→ **INFORMATION SHOWN**
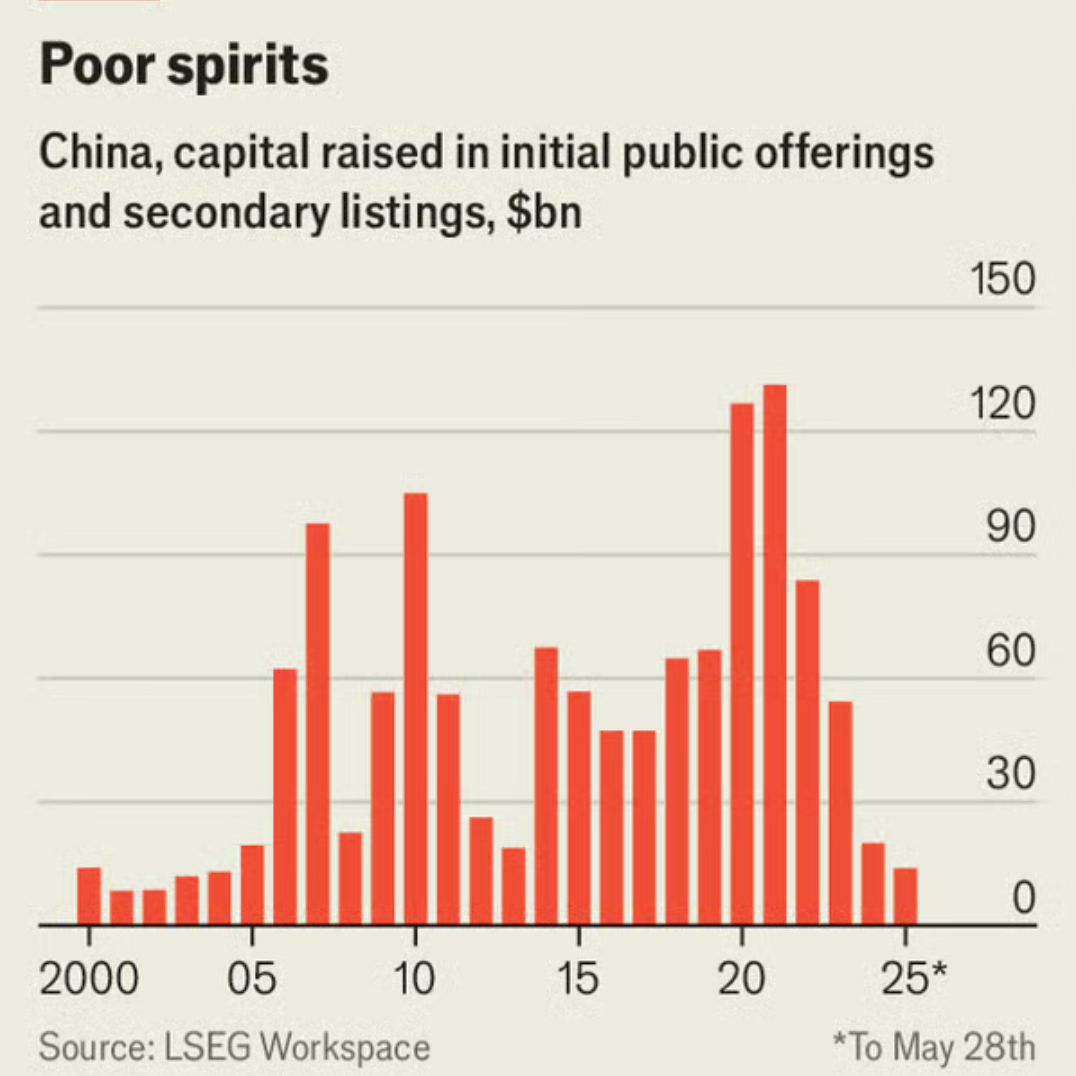Could a restart on the mainland follow? Exchanges in Shanghai and Shenzhen have deep-rooted problems that lead to over-exuberance followed by languor. In 2022 Chinese IPOs raised a record, world-topping $81bn. That reflected a central-government plan which encouraged tech firms, especially in favoured fields such as chipmaking, to list within the country. Leaders’ enthusiasm then waned in 2023 as stocks tumbled. They focused instead on liquidity in existing listings, fearing new offerings might reduce it and drive down valuations. In 2024 only 100 firms went public, the fewest for at least a decade.
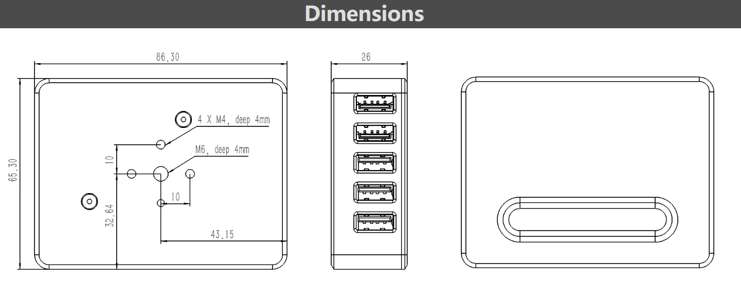 Connectivity includes 2 high-speed USB3.1 ports and 3 USB2.0 ports, all powered by a shared 5 V / 5 A supply.
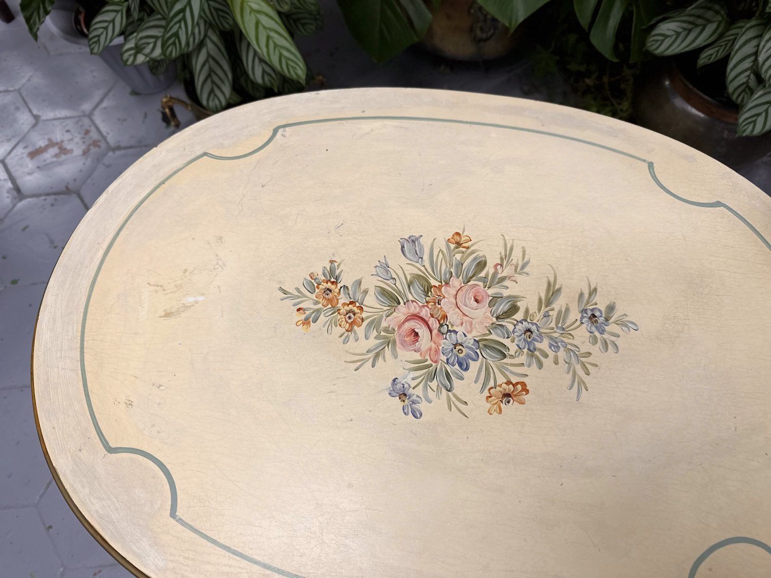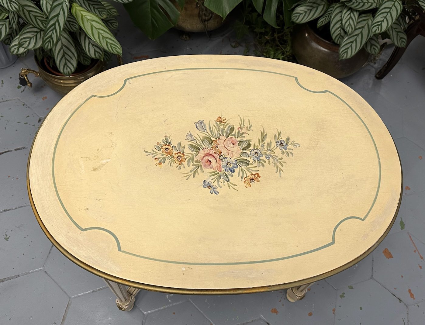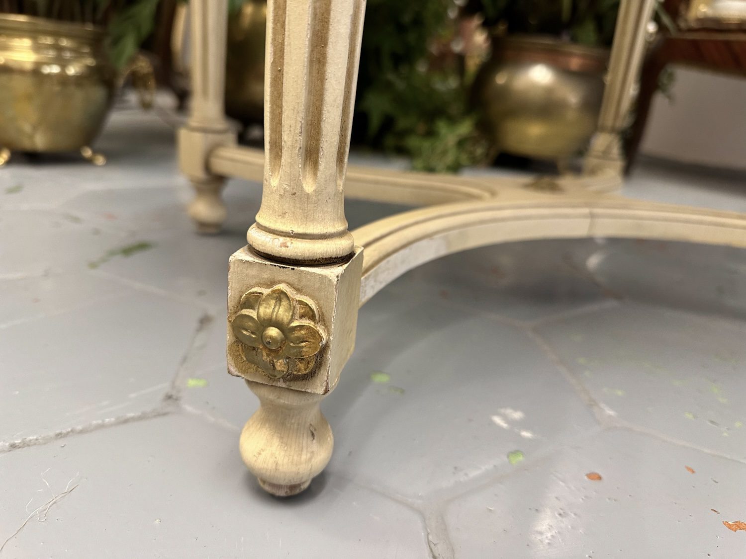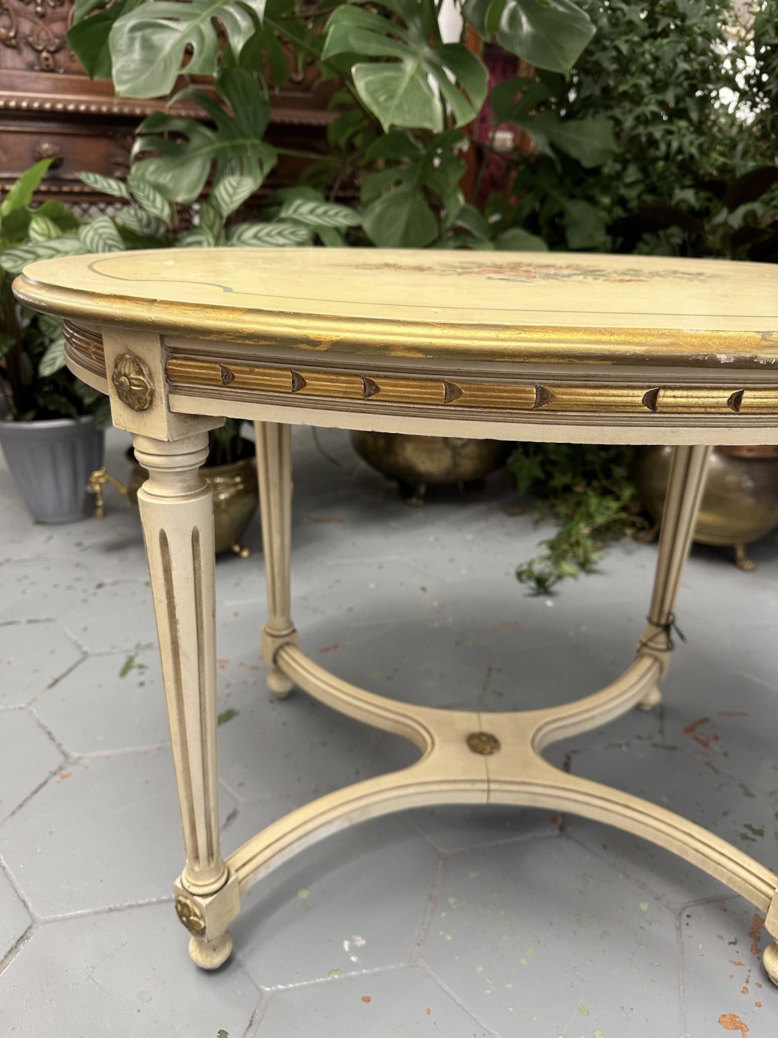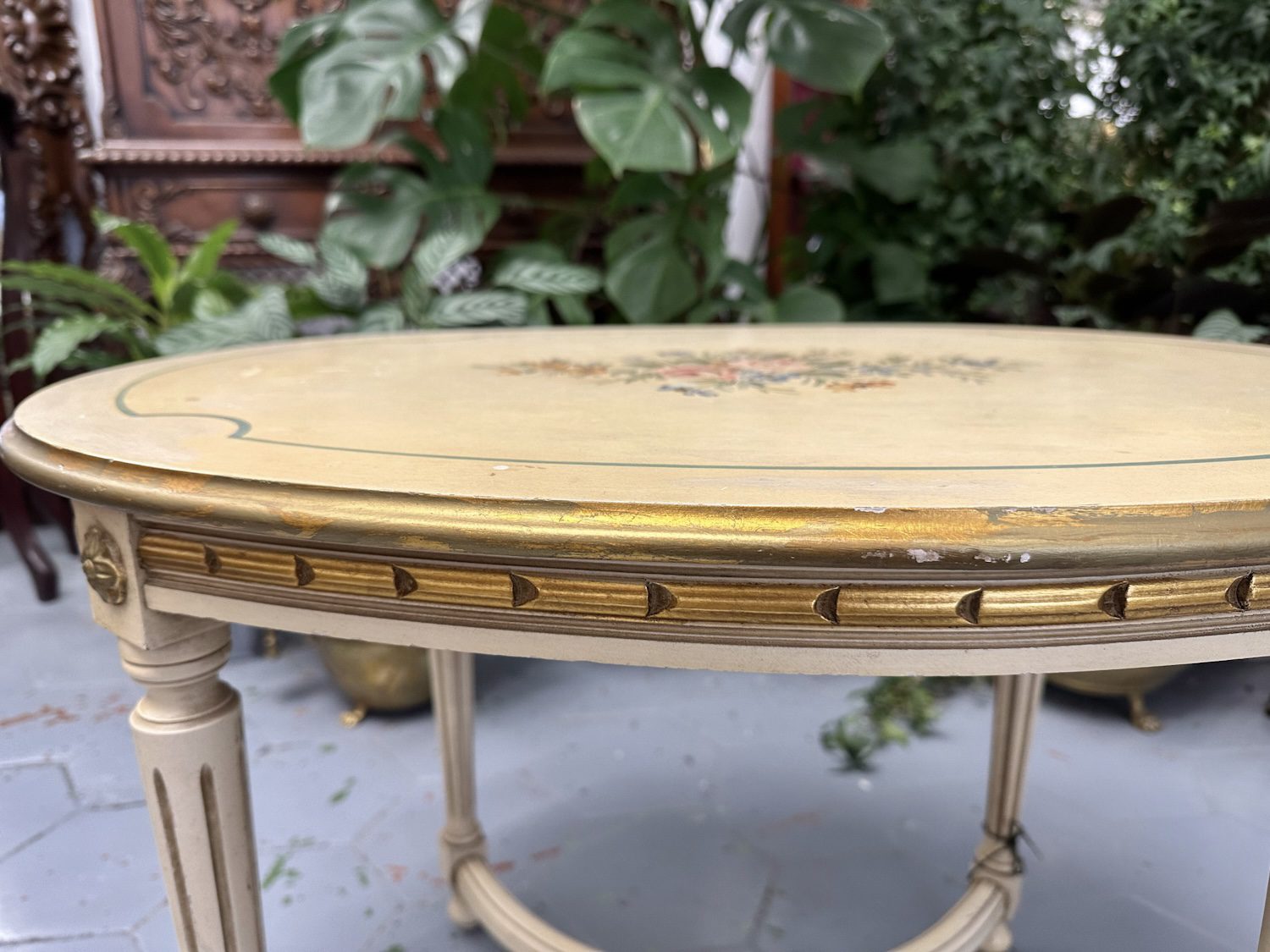 Koka, Kafijas Galds ar Zelta Krāsas un Ziedu Detalizāciju (4247)

→ **TASK ITEM**
All lines above are to be restated word for word, with pictures excluded.

→ **WRITTEN SOLUTION**
Could a restart on the mainland follow? Exchanges in Shanghai and Shenzhen have deep-rooted problems that lead to over-exuberance followed by languor. In 2022 Chinese IPOs raised a record, world-topping $81bn. That reflected a central-government plan which encouraged tech firms, especially in favoured fields such as chipmaking, to list within the country. Leaders’ enthusiasm then waned in 2023 as stocks tumbled. They focused instead on liquidity in existing listings, fearing new offerings might reduce it and drive down valuations. In 2024 only 100 firms went public, the fewest for at least a decade.
 Connectivity includes 2 high-speed USB3.1 ports and 3 USB2.0 ports, all powered by a shared 5 V / 5 A supply.
 Koka, Kafijas Galds ar Zelta Krāsas un Ziedu Detalizāciju (4247)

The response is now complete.